Despite being from an abolitionist family, he married into a family of slaveowning Democrats. After the Mexican-American War, Grant was so broke that he had to sell his gold watch to buy Christmas gifts. Around that time, he inherited a slave worth about $1,000 (~$34,000 in 2022). Despite being dead broke, Grant freed that slave. 

Pause for a moment and consider that: He didn’t force the enslaved man to work and produce wealth for him. He didn’t even sell his $34,000 man. He was selling firewood out of the back of his raggedy wagon and still kept his values. How much do your values cost? Is it less than $34,000?

Grant went on to win the Civil War, save the Union, destroy the KKK, create Yellowstone National Park, appoint America’s first Jewish governor, and secure some temporary voting rights for Black Americans. 

His Native American policy flip-flopped between idealistic and paternalistic and murderous, but that’s a different article. 

US Grant is America’s greatest slaveowner because he was a slaveowner for about twenty minutes and sacrificed quite a lot for one man’s dignity. 

Tear Down Their Statues?

So, what’s my point? Tear down the statues of these men, scrape their names off every building in America, and damn their memories? No. Slaveowners such as Washington, Jefferson, and Clay caused grievous moral injury to themselves and to their nation. Their wound, festering for four score and four years, nearly proved fatal to the nation in 1860. The United States nearly died due to their moral abdication (in the case of the soft abolitionists) and their immoral greed (in the case of those ardently pro-slavery). So, why should they have statues and not Robert E. Lee?
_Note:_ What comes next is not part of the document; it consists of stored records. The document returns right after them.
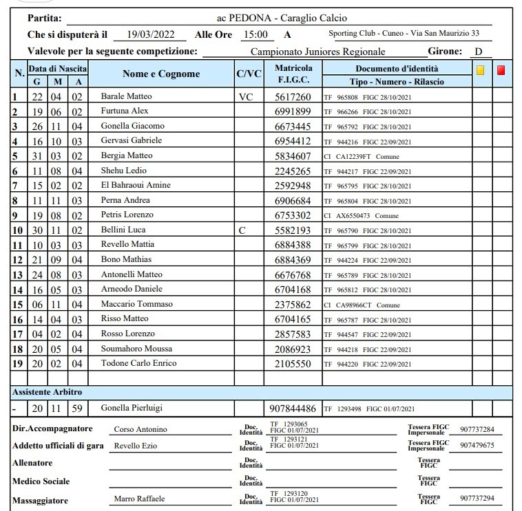 PEDONA vs Caraglio Calcio 3-4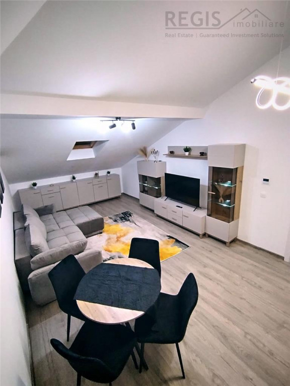 ID intern: 6777. REGIS Imobiliare va propune spre inchiriere apartament cu 3 camere decomandat, situat in zona Tractorul, intr-un complex rezidential nou, ideal pentru un cuplu, familie sau persoane care isi doresc confort si acces rapid catre toate punctele de interes din oras. Apartamentul are o suprafata utila de 70 mp, este situat la etajul 3 si se afla la prima inchiriere, fiind complet mobilat si utilat, exact ca in poze. Compartimentarea este foarte practica, oferind spatii separate si bine organizate: - living spatios si luminos - 2 dormitoare( unul la mansarda) - bucatarie complet utilata - baie - hol generos - balcon - loc de parcare inclus Dotari si beneficii - aer conditionat - incalzire in pardoseala - TV smart in fiecare camera - mobilier modern - electrocasnice complete - finisaje de calitate - loc de parcare inclus - acces securizat cu bariera Despre zona Zona Tractorul este una dintre cele mai cautate zone din Brasov, apreciata pentru accesul facil catre oras si pentru toate facilitatile din apropiere. In zona se gasesc: - centre comerciale si supermarketuri - restaurante si cafenele - statii de autobuz - scoli si gradinite - spatii verzi - acces rapid catre Coresi Shopping Resort Comisionul agentiei este 50% TVA din prima chirie. Va asteptam la vizionare! Agent Imobiliar- Stefania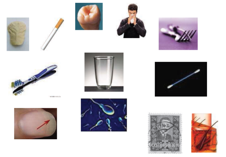Trinkglas mit Lippenabdruck, gerauchte Zigarette, Zahnbürste, Pfeife, Gebiß, etc.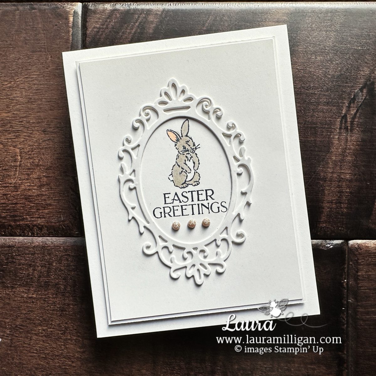 - Stamp the bunny and sentiment in Tuxedo Black Memento Ink onto the center as shown.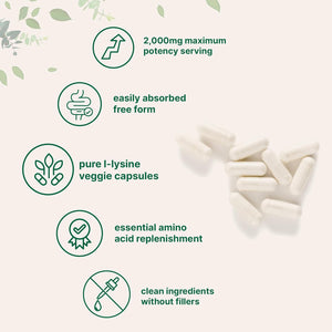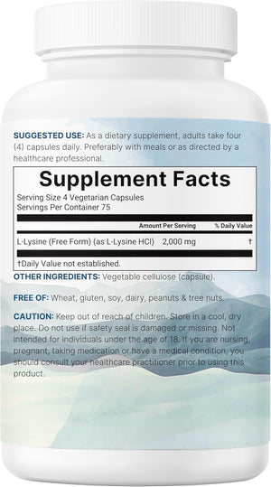 Cada botella incluye 300 cápsulas vegetales naturales, proporcionando 2,000 mg de L-lisina de máxima potencia como clorhidrato de L-lisina (HCl) por porción.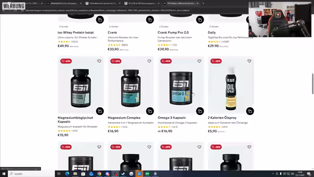 02:35:15Nach einer kurzen Pause für den Streamer wird eine Giveaway-Aktion angekündigt, die im Rahmen einer Black Week-Partnerschaft mit ESN stattfindet. Der Streamer ist eine Woche lang mit ESN gepartnert und hat ein Budget von 1500 Euro erhalten, um Produkte für die Verlosung auszuwählen. Zu den Preisen gehören zweimal die Garmin Forerunner Laufuhr/Smartwatch, ein Walking Pad (Laufband), das von anderen Streamern wie Galoo, Kevin und Marc benutzt wird, zweimal ein verstellbares Kurzhantelset, eine Pull-Up- und Dip-Klimmzugstange sowie zwei ESN-Bundles. Der Streamer teilt auch seine persönlichen Erfahrungen mit ESN-Produkten, da er seit Anfang des Jahres massiv abgenommen und mit Krafttraining begonnen hat. Er empfiehlt das IsoClear-Proteinpulver mit Lemon-Ice-Tea-Geschmack und zeigt eine Limited Edition Strohwaffel. Sein tägliches Frühstück besteht aus Magerquark, Haferflocken, Früchten, einem Scoop Proteinpulver und Kreatin, um auf mindestens 150 Gramm Protein pro Tag zu kommen und Muskeln aufzubauen. Er probiert auch das Almond Coconut Flavor Whey-Proteinpulver und erwähnt, dass er seit Februar 42 Kilo abgenommen hat. Zudem nimmt er täglich Omega-3-Kapseln, Magnesium und den Athlete Stack von ESN ein, um seinen Körper mit allen notwendigen Nährstoffen zu versorgen.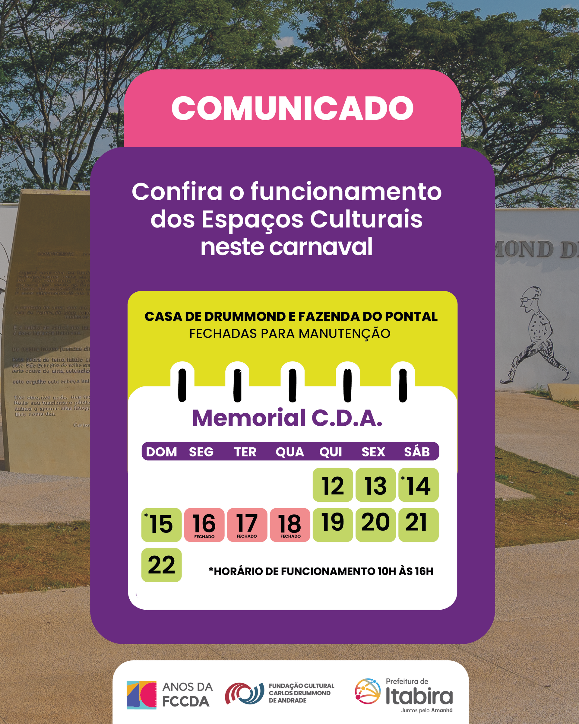 A Fundação Cultural Carlos Drummond de Andrade (FCCDA) informa o funcionamento dos espaços culturais durante o período de Carnaval em Itabira. A Casa de Drummond e a Fazenda do Pontal estarão fechadas para manutenção interna, com o objetivo de garantir melhorias e adequações nos ambientes para receber o público com mais conforto e segurança.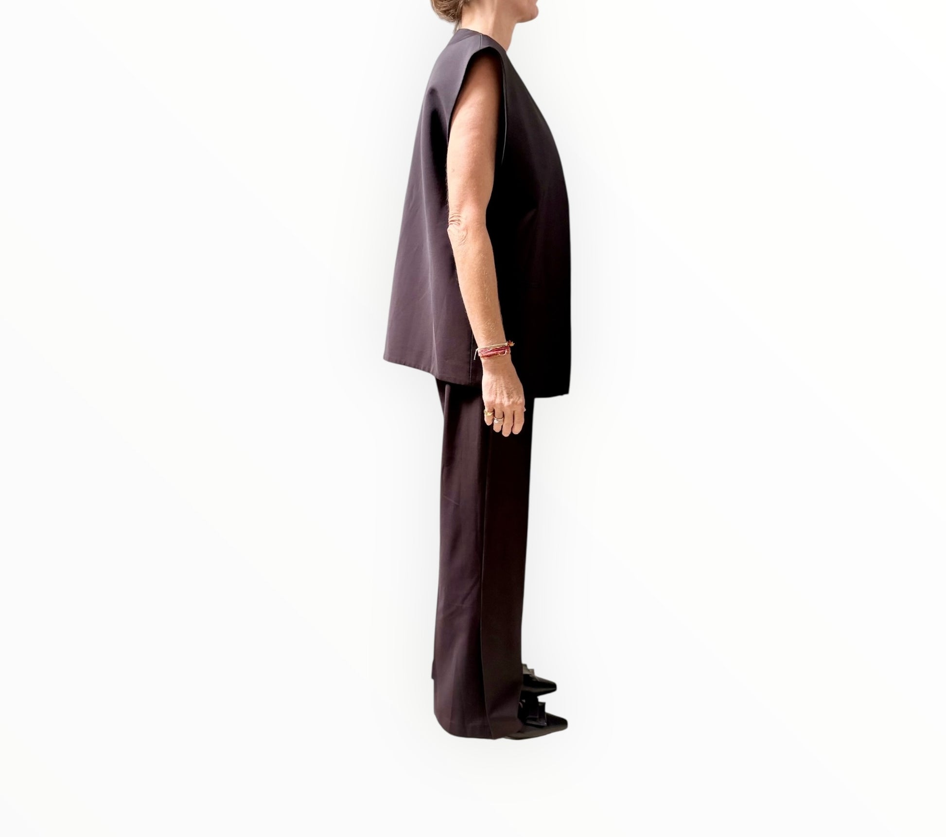 Oversized vest and wide leg split hem pants by Camilla and Marc.

The answer is simple: Robert E. Lee set his life and his genius to the task of destroying the United States. Had he succeeded, the United States would not exist as a free and prosperous nation. That’s not a man to be celebrated. 

Clay, Jefferson, Hamilton, Washington, and the others set their considerable skills to the betterment and preservation of the Union. Their public lives were exemplary and thus, they deserve public acclaim. Their private lives featured abhorrent moral failings, but they were public heroes. 

If you live like Jefferson at work and in civic life, you’ll be counted also as a great American. If you live like Jefferson in private, I’m calling the FBI, you sick bastard.